▶ **Records for this task**:
* * * *

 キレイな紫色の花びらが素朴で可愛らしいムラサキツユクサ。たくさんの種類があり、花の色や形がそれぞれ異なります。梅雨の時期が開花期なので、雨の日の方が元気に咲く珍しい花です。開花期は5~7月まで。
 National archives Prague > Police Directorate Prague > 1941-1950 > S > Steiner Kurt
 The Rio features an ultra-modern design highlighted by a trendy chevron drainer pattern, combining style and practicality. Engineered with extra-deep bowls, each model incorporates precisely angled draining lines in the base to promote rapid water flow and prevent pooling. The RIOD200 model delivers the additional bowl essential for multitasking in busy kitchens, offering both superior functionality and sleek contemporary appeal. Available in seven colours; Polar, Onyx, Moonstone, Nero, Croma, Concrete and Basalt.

* * * *

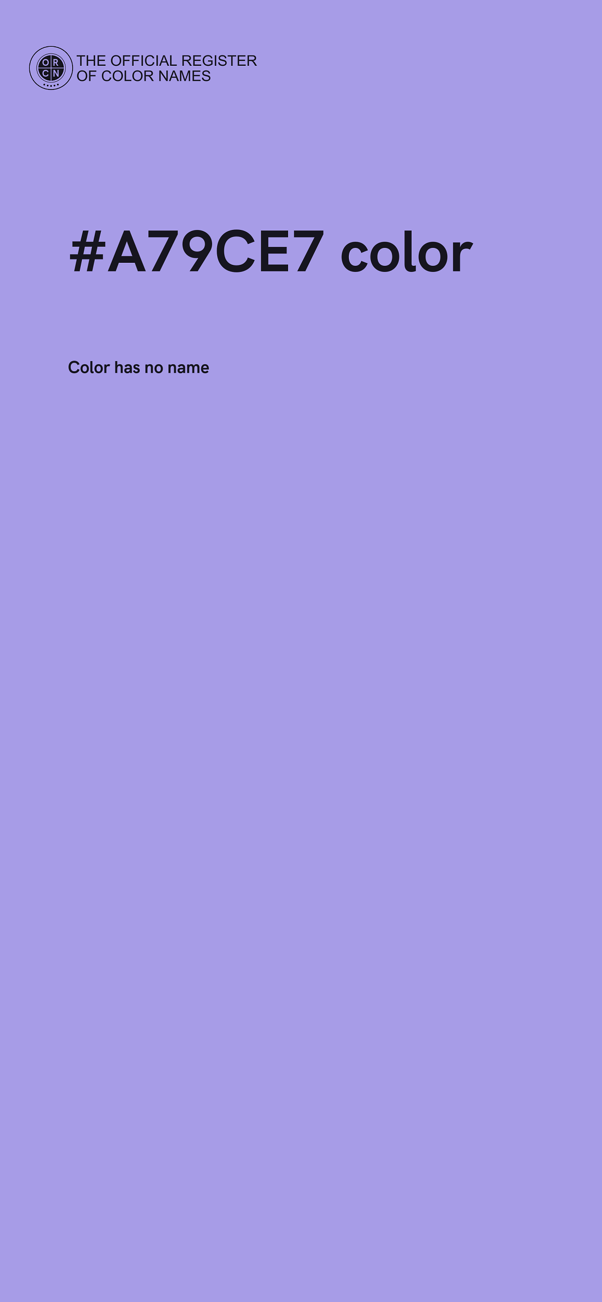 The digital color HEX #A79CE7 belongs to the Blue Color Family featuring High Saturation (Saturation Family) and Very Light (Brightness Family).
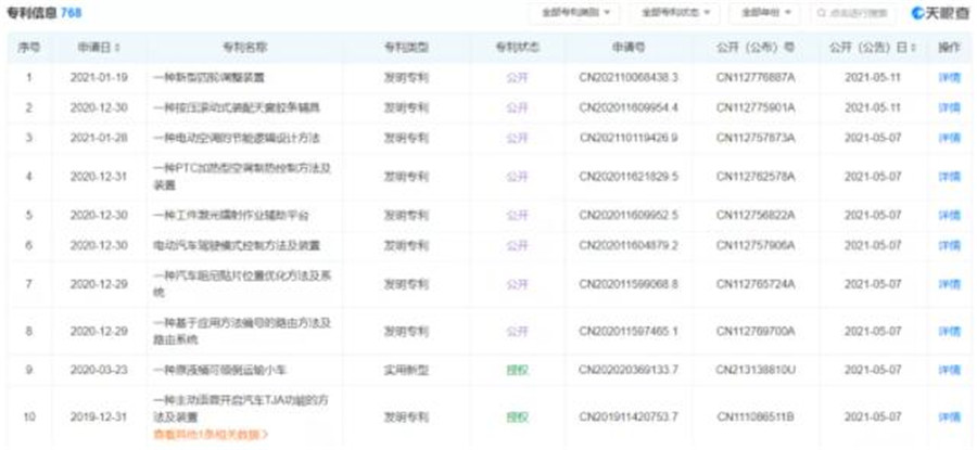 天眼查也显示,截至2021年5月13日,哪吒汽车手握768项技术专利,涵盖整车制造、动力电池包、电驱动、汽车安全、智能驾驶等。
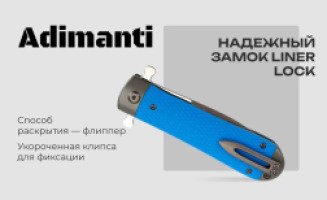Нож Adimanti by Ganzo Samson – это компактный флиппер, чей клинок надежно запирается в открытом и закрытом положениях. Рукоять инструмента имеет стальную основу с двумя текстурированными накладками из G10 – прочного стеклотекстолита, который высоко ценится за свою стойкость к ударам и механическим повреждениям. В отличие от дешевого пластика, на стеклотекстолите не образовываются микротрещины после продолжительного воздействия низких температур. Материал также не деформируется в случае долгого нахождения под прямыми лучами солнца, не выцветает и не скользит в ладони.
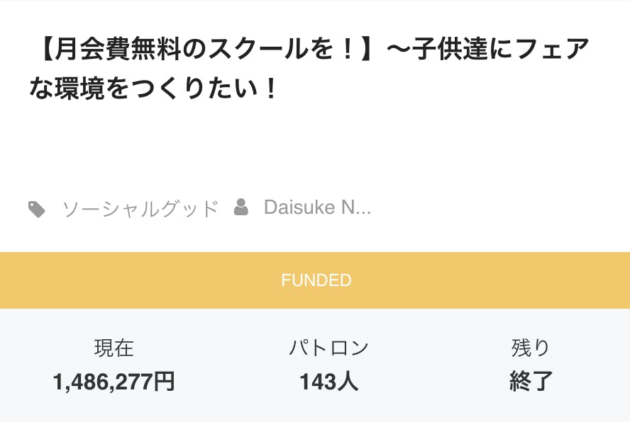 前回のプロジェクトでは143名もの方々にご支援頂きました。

* * * *

▶ **Task description**: Look above for the line with "キレイな紫色の花びらが素朴で" and the line with "The Rio features". Retype those two lines and every line between them exactly, adding nothing.

▶ **Solution for this exercise**:
 キレイな紫色の花びらが素朴で可愛らしいムラサキツユクサ。たくさんの種類があり、花の色や形がそれぞれ異なります。梅雨の時期が開花期なので、雨の日の方が元気に咲く珍しい花です。開花期は5~7月まで。
 National archives Prague > Police Directorate Prague > 1941-1950 > S > Steiner Kurt
 The Rio features an ultra-modern design highlighted by a trendy chevron drainer pattern, combining style and practicality. Engineered with extra-deep bowls, each model incorporates precisely angled draining lines in the base to promote rapid water flow and prevent pooling. The RIOD200 model delivers the additional bowl essential for multitasking in busy kitchens, offering both superior functionality and sleek contemporary appeal. Available in seven colours; Polar, Onyx, Moonstone, Nero, Croma, Concrete and Basalt.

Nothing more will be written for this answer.